_Source data_:
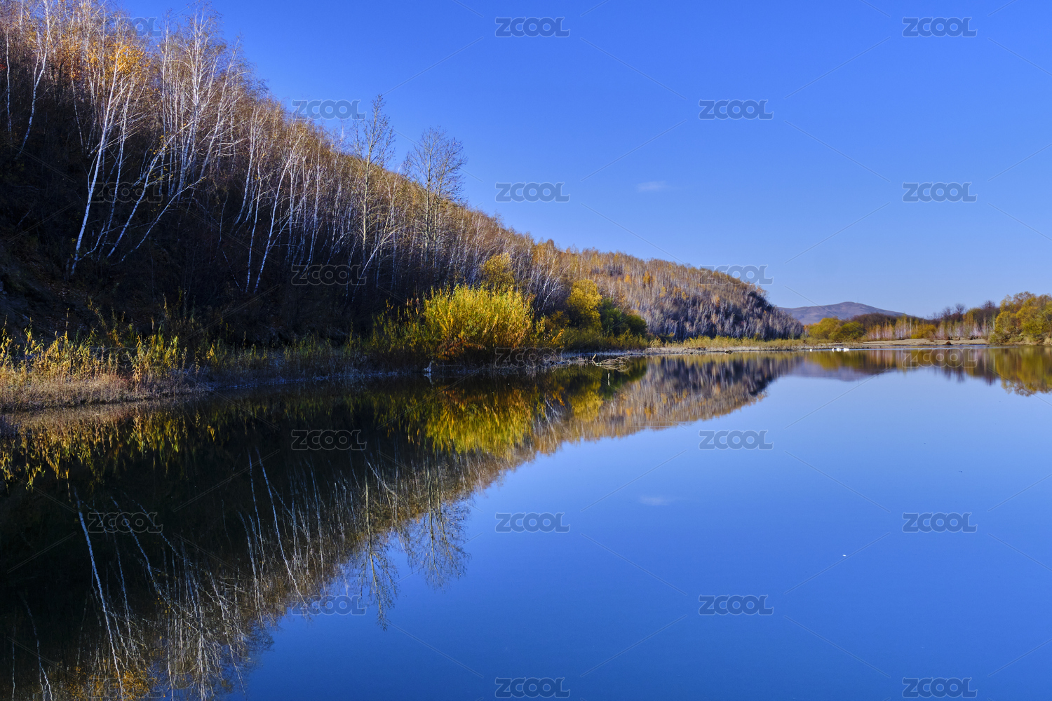 中国内蒙古额尔古纳湿地公园树林秋景长图
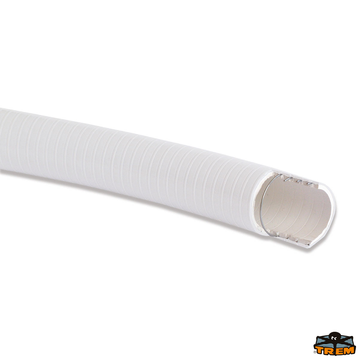 Fabbricato in PVC bianco con spirale in acciaio, antiodore per servizi sanitari, scarico pompe e lavelli.
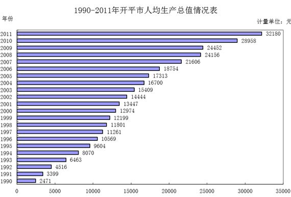 人均地區(qū)生產(chǎn)總值是衡量一個地區(qū)收入水平的標(biāo)志,也是作為劃分經(jīng)濟發(fā)展階段的重要指標(biāo)。根據(jù)江門統(tǒng)計年鑒1990年以來開平市的常住人口數(shù)據(jù)為計算人均地區(qū)生產(chǎn)總值起點,計算結(jié)果顯示:我市人均生產(chǎn)總值呈逐年遞增的穩(wěn)步增長態(tài)勢發(fā)展(見圖2)。2011年我市人均地區(qū)生產(chǎn)總值達到32180元,是1990年2471元的12倍,年均增長13%,比同期地區(qū)生產(chǎn)總值年均增長速度低0.77個百分點。根據(jù)1990—2011年的計算結(jié)果推算得出:我市用19年時間創(chuàng)造出人均生產(chǎn)總值超萬元,在1996年達到10569元,然后再用12年時間創(chuàng)造出人均生產(chǎn)總值翻一番,在2007年達21606元。
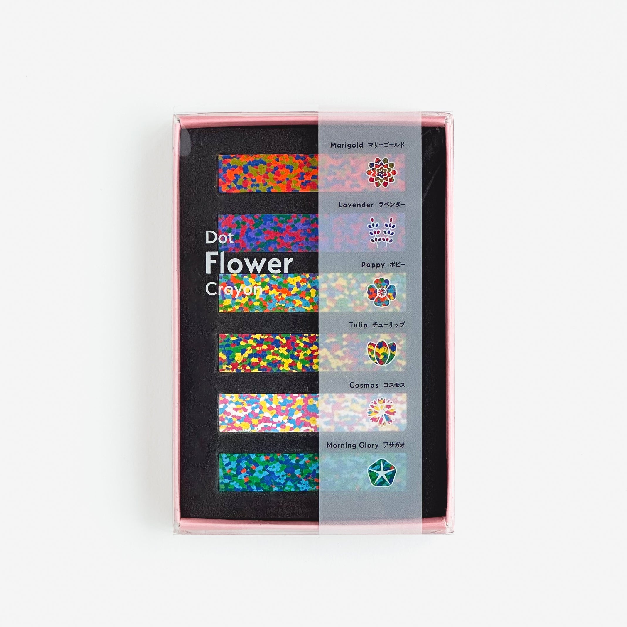 The Dot Flowers Crayon set contains 6 unique crayons that are each comprised of multiple color dots. Each color combination is designed to emulate a specific flower and will add a beautiful touch to any sketch or drawing.

_Work order_:
Restate only the lines running from the start of the material above through the line containing "Fabbricato in PVC", ends included. No pictures.

_Result below_:
 中国内蒙古额尔古纳湿地公园树林秋景长图
 Fabbricato in PVC bianco con spirale in acciaio, antiodore per servizi sanitari, scarico pompe e lavelli.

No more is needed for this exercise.